A week or so later, my new Macy’s card arrived in the mail with the wrong name on it, hence my call to dear Edna, who sorted out the business and promised to send Eda, not Edna, a new card.

I am wondering, though, how this happened. Macy’s offered Edna-who-doesn’t-exist a generous $1200 credit line right on the spot as she stood by the jewelry counter clutching her wonderfully soft cotton undies. But how did Edna come into existence in the first place, using Eda’s address and social security number? Not-Edna is perplexed, but also a little comforted. Big Brother doesn’t always get it right.

So if you’re looking for some extra soft cotton undies, or some really great frying pans or a generous credit limit, drop by Macy’s and tell them Edna sent you. They seem to be fond of that name.

Smoke Out

PENTAX DIGITAL CAMERA

Eight years ago today, April 19, 2021, I took my last puff on a cigarette. That’s eight full years, or ninety-six months or two thousand nine hundred and twenty days, give or take a leap year or two, where I have not taken even a single puff.

Over those eight years, my life has turned upside down and inside out.

I have seen my own weakness and done–or not done–things I am not proud of, dusty spiderwebs in the corners of the attic of my heart and mind.

I have felt pain both physical and mental that might have eaten holes in Superman’s cape.

I have felt happiness so overwhelming that the flitting butterflies in my stomach put on boxing gloves and tried to knock each other silly.

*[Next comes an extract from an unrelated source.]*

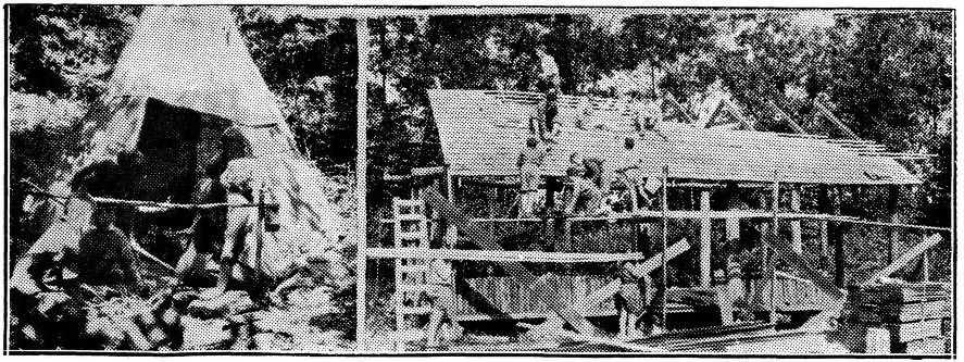In the shop are tools and materials for many kinds of work. Airplanes and boats are made as are also primitive musical instruments such as tom toms, and cigar box violins. Arts and crafts activities are closely related to camp needs. A tree house in an old maple, an Indian tepee, a lean-to for overnight hikes, and a large rough hewn open log cabin built by the 1ntermediate boys were among the construction jobs done last summer.

And I have found depths of strength and resilience inside myself that had been lost in the dead letter office of my soul for decades.

Throughout all of those joys and challenges, there is one thing I have know and have never doubted: smoking would not have made any of it easier. Even though the Nicotine Monster still raises his ugly head from time to time, he no longer has any power over me.

This, gentle reader, is a very good thing to know.